Traffic was light, and the cab driver’s horse young, not like some of the nags that dragged their tired, bony bodies up and down the streets, and they arrived at the levee barely twenty minutes later. They stood in the shadows on the edge of a brick warehouse, Franklin leaning on his crutches.

“What now?” he asked.

She pointed in the direction they needed to travel. “Can you manage?”

He nodded.

She had dressed him in the butternut jacket with captain’s bars at the house, and now she removed a forage cap purchased in the city and placed it on his head.

“There. Now you look like a proper soldier. You took a wound and came downriver to recover under your wife’s tender care, who is staying with her sister in New Orleans. That story should be easy enough for both of us to remember.”

“I hope you’re the wife, and not the sister.”

“Hah!”

“I beg your pardon, it was a poor jest. After the stupid things I said last night, I should be more careful.”

“I know how you meant it,” she reassured him. “And I know you had no ill intentions last night, either. My pride got the better of me, and my behavior was wretched. I’m the one who should be begging forgiveness.”

“We’ll make a pact,” he said. “I’ll forgive your pride if you will forgive my clumsy tongue.”

“Done.”

F
ifteen minutes later, they were sitting on a downed sycamore log that had been half buried in the levee with its top skimmed off to serve as a crude bench. They’d tucked the crutches into the shadows behind the log, and Franklin put the watch in his breast pocket, prepared to pull it out and check anytime someone walked by close enough to see. A gaslight flickered above them, lighting the docks. The sound of cornets and saxophones drifted from Jackson Square to their rear. It was New Year’s Eve, and the celebrations were beginning in front of the cathedral. In a couple of hours they would spread throughout the Quarter and move up to the levee as well. But at the moment, the levee was nearly empty.
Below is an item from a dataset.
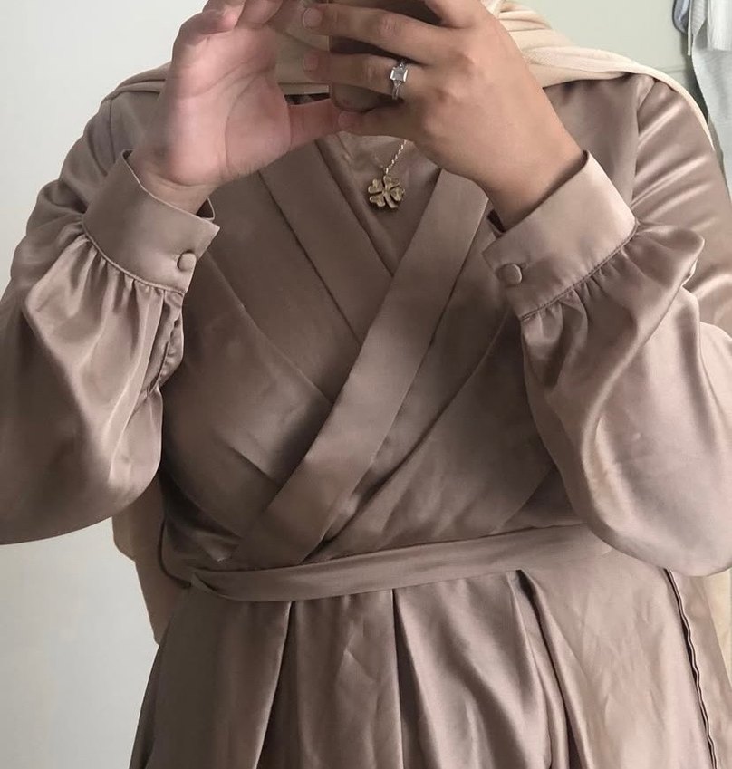 Bej renkli, uzun ve bol kesim kadın sabahlığı, askılı kollara sahip. Düz ve sade tasarımı Paris normcore tarzına uygun.
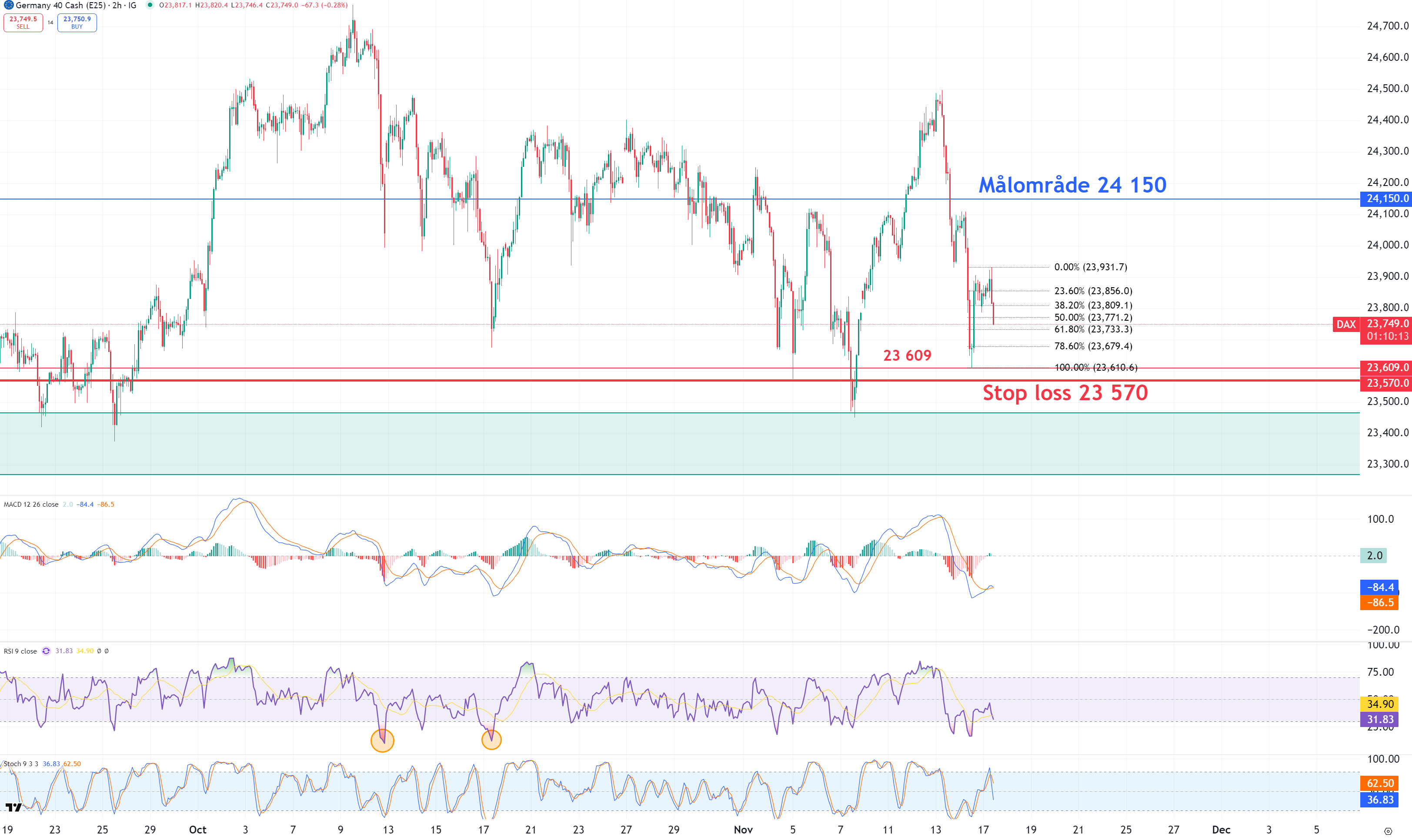 Vi väljer att gå lång här igen med en stop loss strax under förra veckans lägsta nivå i index (23 609). Vi sätter 23 570 som stop loss (-0,85 %) och ser 24 150 som målområde (+1,55 %). Som alltid sätts stop lossen i den handlade produkten.

In past years, the riverfront had been swarming with stevedores, both free and slave, day and night. New Year’s Eve would have been no exception. They would be unloading flour, vegetables, and beef from upriver, and molasses, sugar, salt, and manufactures from the Gulf. But river traffic had choked to a near standstill. Tonight, the Mississippi in front of the levee was nearly empty, except for a single barge preparing to depart downstream with a pair of long, dark cannons lashed on its deck, surrounded by crates of guns and foodstuff for the forts. A good twenty soldiers milled about smoking and talking. The main group stood forty or fifty feet away from Josephine and Franklin, and one would glance in their direction every minute or two. She worried that the blockade-runner would take one look at the military traffic and renege on his promise to Solomon Fein.

Franklin took Josephine’s hands and leaned in as if he were her husband and they’d come up to the levee to get away from the crowds at Jackson Square. Her hands felt small and frail in his big ones, a sensation that gave her a peculiar feeling in her belly.